--- WHAT THE TASK REQUIRES ---
The answer must be the lines from the one that holds "The deck supported" through the final line of the data, copied exactly, with no pictures.

--- PROVIDED INFORMATION ---

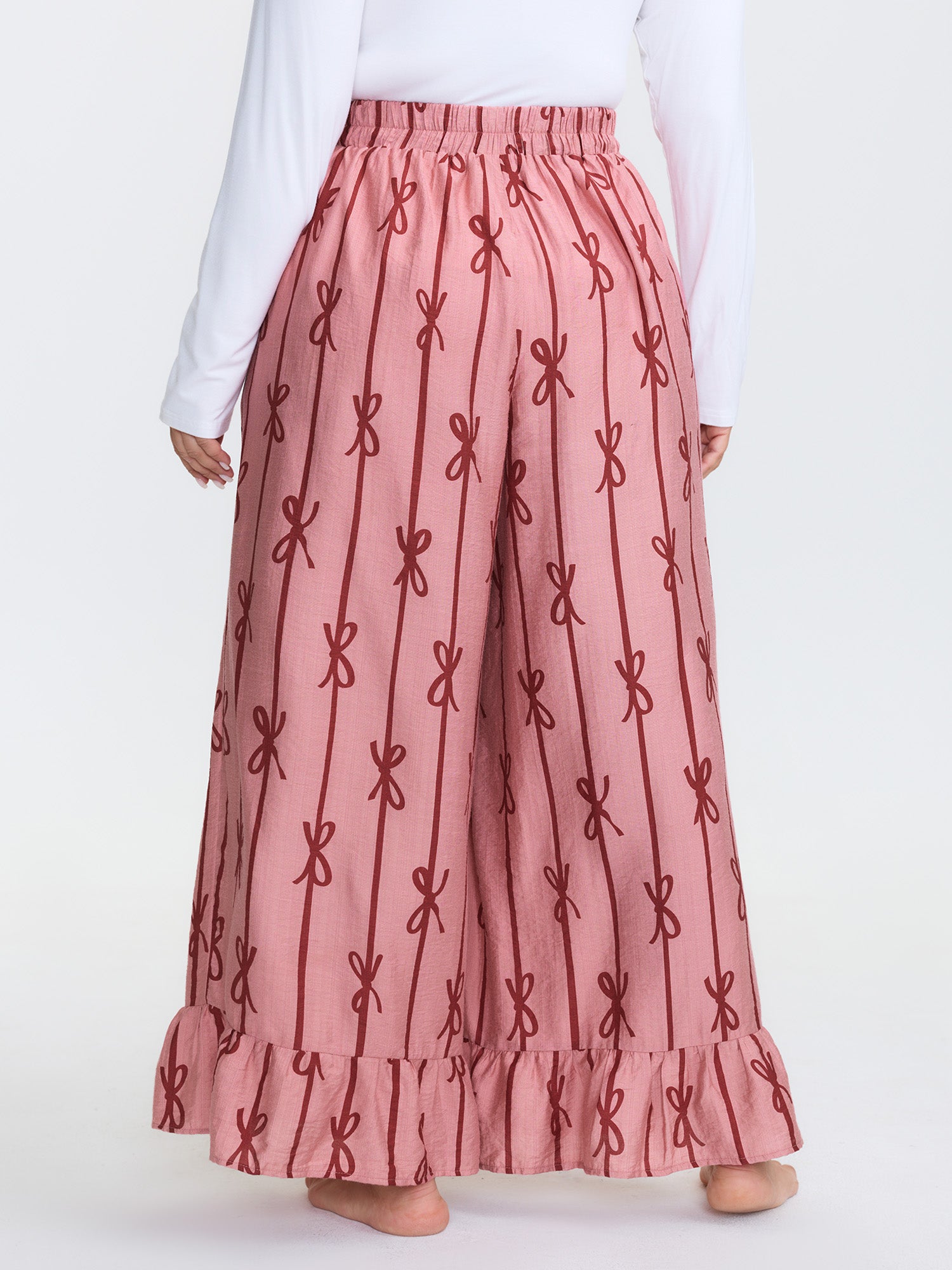 Bowknot Stripes Wide-Leg Lounge Bottoms
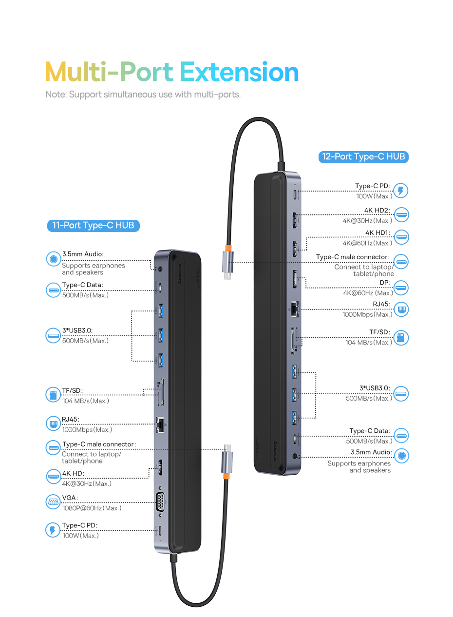 Bản 11 trong 1: Gồm các cổng: HDMI 4K@30Hz, VGA, Type-C PD, Type-C Data, 3xUSB 3.0, LAN, SD/TF, Audio 3.5mm.
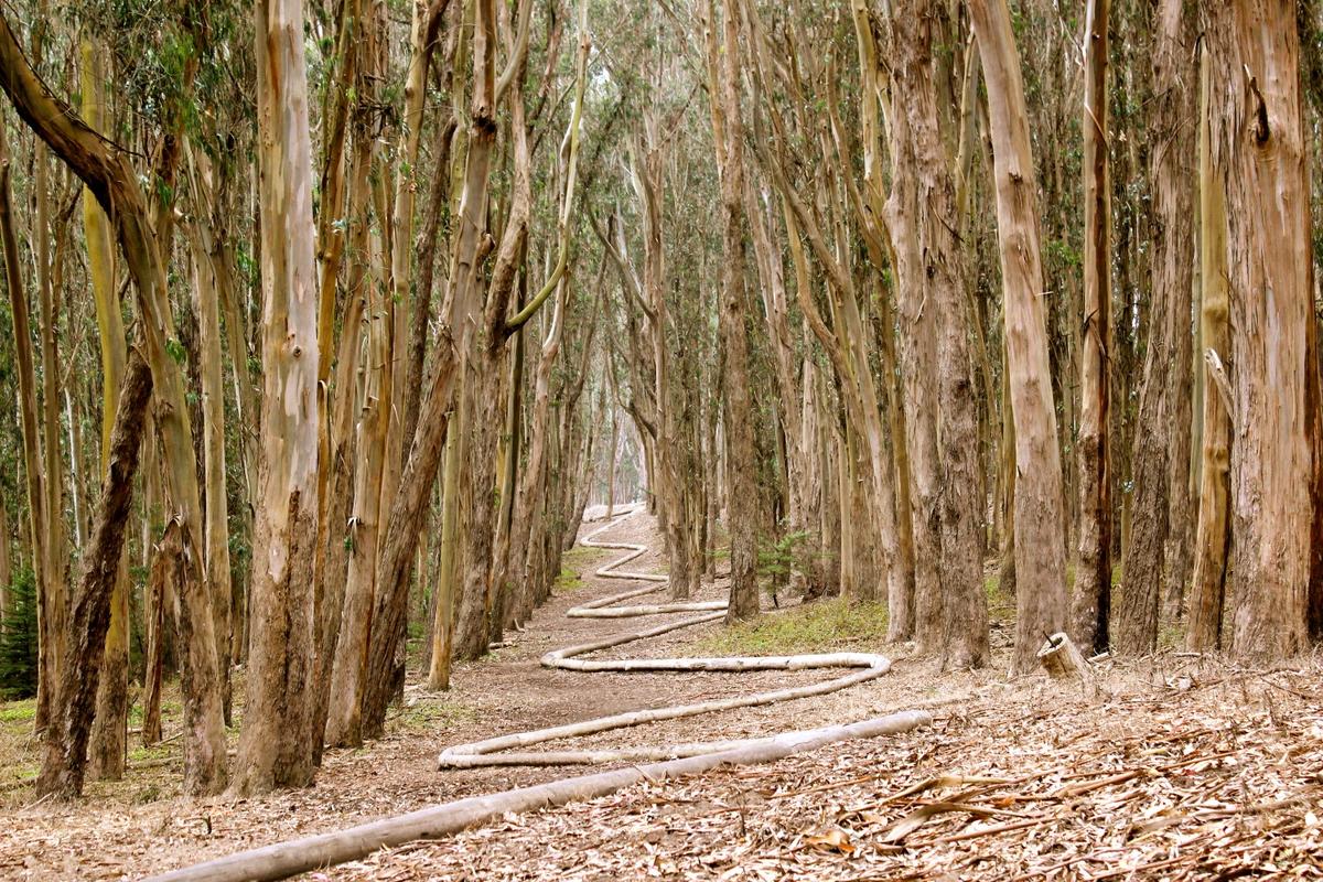 Don't put on the tinfoil hat yet, it's just art by Andy Goldsworthy. He's got a knack for using natural resourcesWood Line is made from the surrounding eucalyptus grove that was planted by the U.S. Army over 100 years ago.
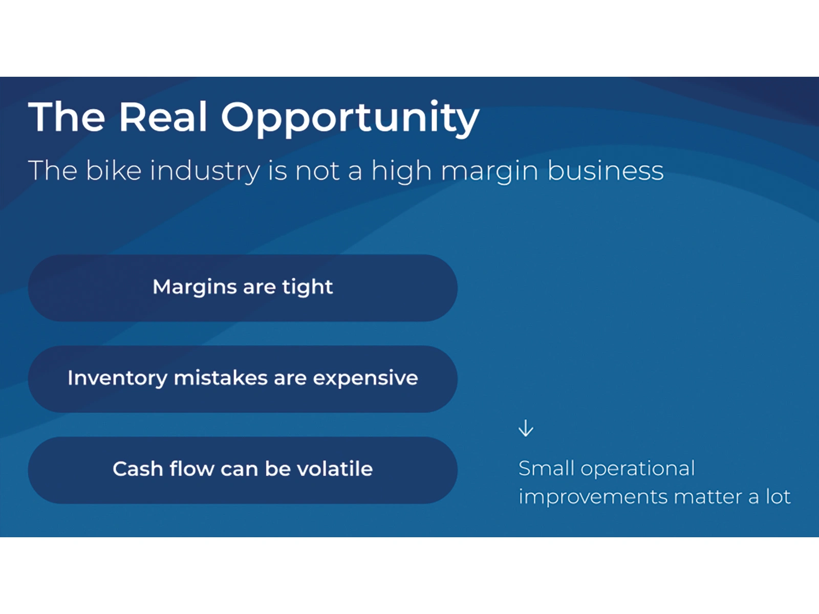 The deck supported a panel discussion on AI adoption in the bike industry, covering survey data, industry trends, and a proprietary framework for implementing AI across business operations. Delivered Friday for a Monday conference — on time, on brand, and ready to present.
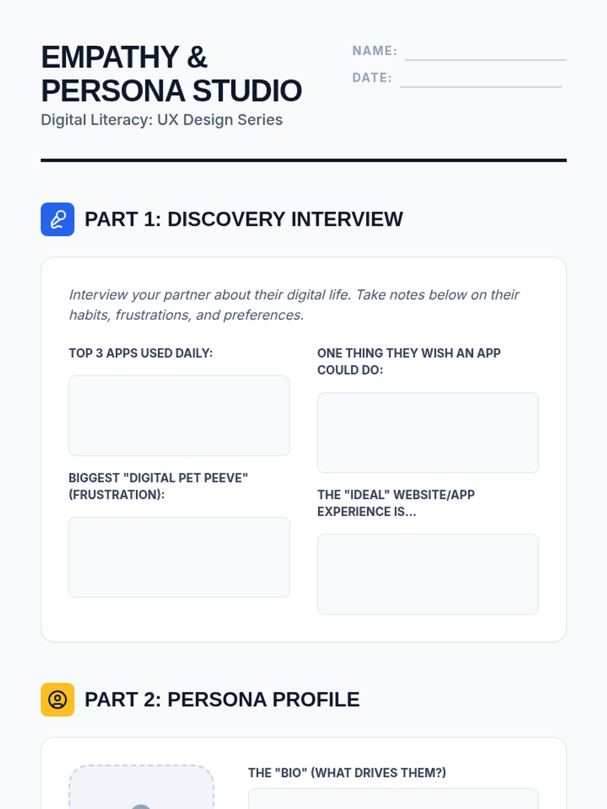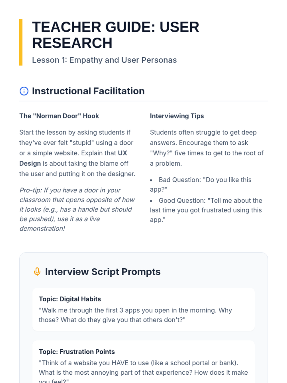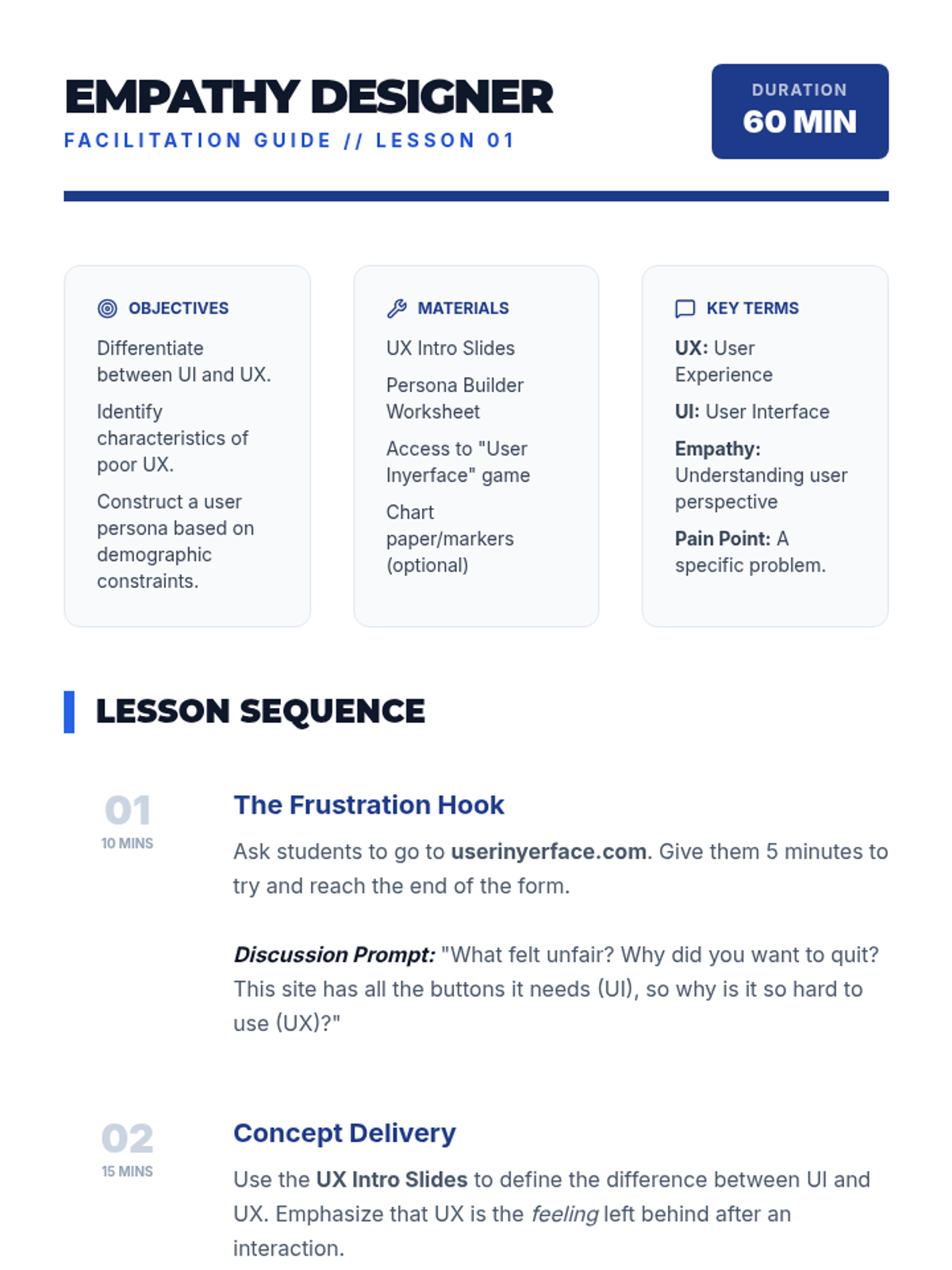 A comprehensive unit on User Experience (UX) and User Interface (UI) design for 7th grade students. Students move from analyzing website usability to wireframing and testing their own paper prototypes, focusing on empathy, information architecture, and iterative design.

--- RESPONSE AREA ---
 The deck supported a panel discussion on AI adoption in the bike industry, covering survey data, industry trends, and a proprietary framework for implementing AI across business operations. Delivered Friday for a Monday conference — on time, on brand, and ready to present.
 A comprehensive unit on User Experience (UX) and User Interface (UI) design for 7th grade students. Students move from analyzing website usability to wireframing and testing their own paper prototypes, focusing on empathy, information architecture, and iterative design.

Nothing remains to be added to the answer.